[Stored data]

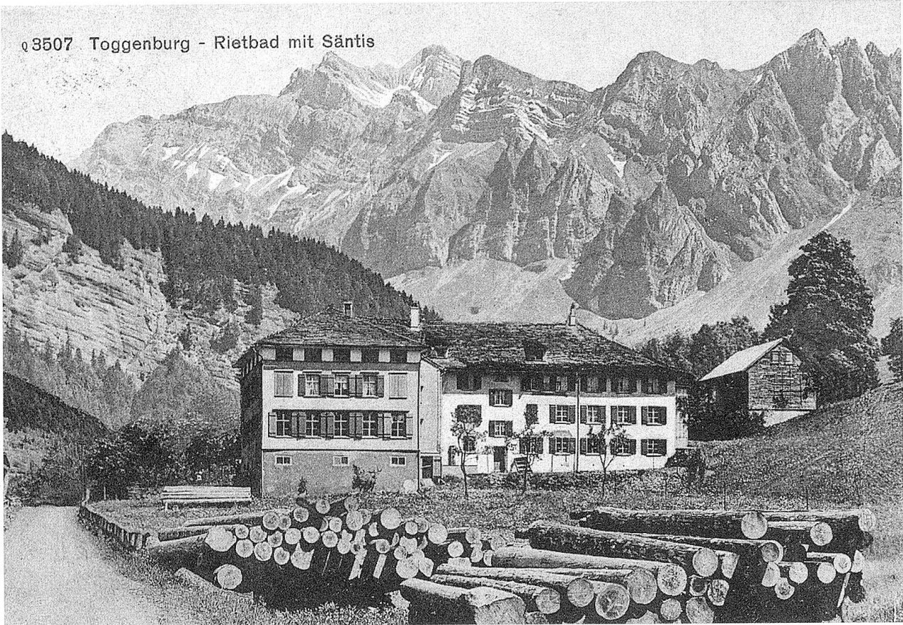
Rietbad mit Säntis, 1916.
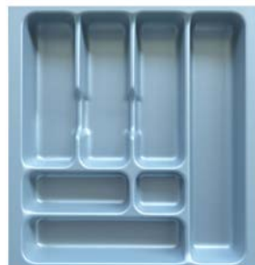
INSERTO DE CAJÓN
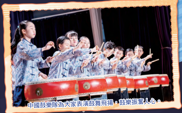
中國鼓樂隊為大家表演鼓舞飛揚，鼓樂振奮人心。
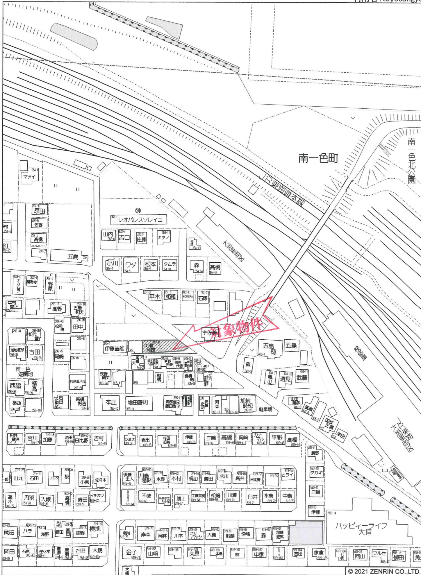
大垣市南一色町付近
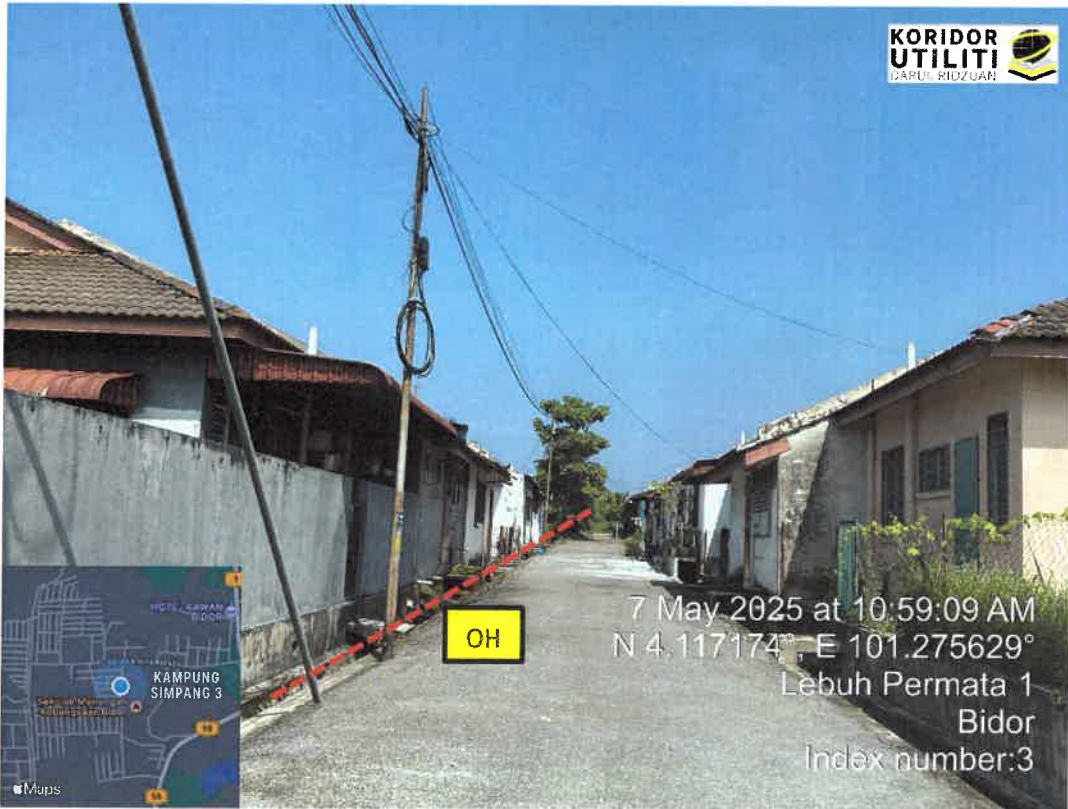
JAJARAN PEMASANGAN UTILITI

[/Stored data]

Extract only the lines from the line containing "INSERTO DE CAJÓN" through the final line of the listing above, unchanged; pictures stay out of the copy.

INSERTO DE CAJÓN
中國鼓樂隊為大家表演鼓舞飛揚，鼓樂振奮人心。
大垣市南一色町付近
JAJARAN PEMASANGAN UTILITI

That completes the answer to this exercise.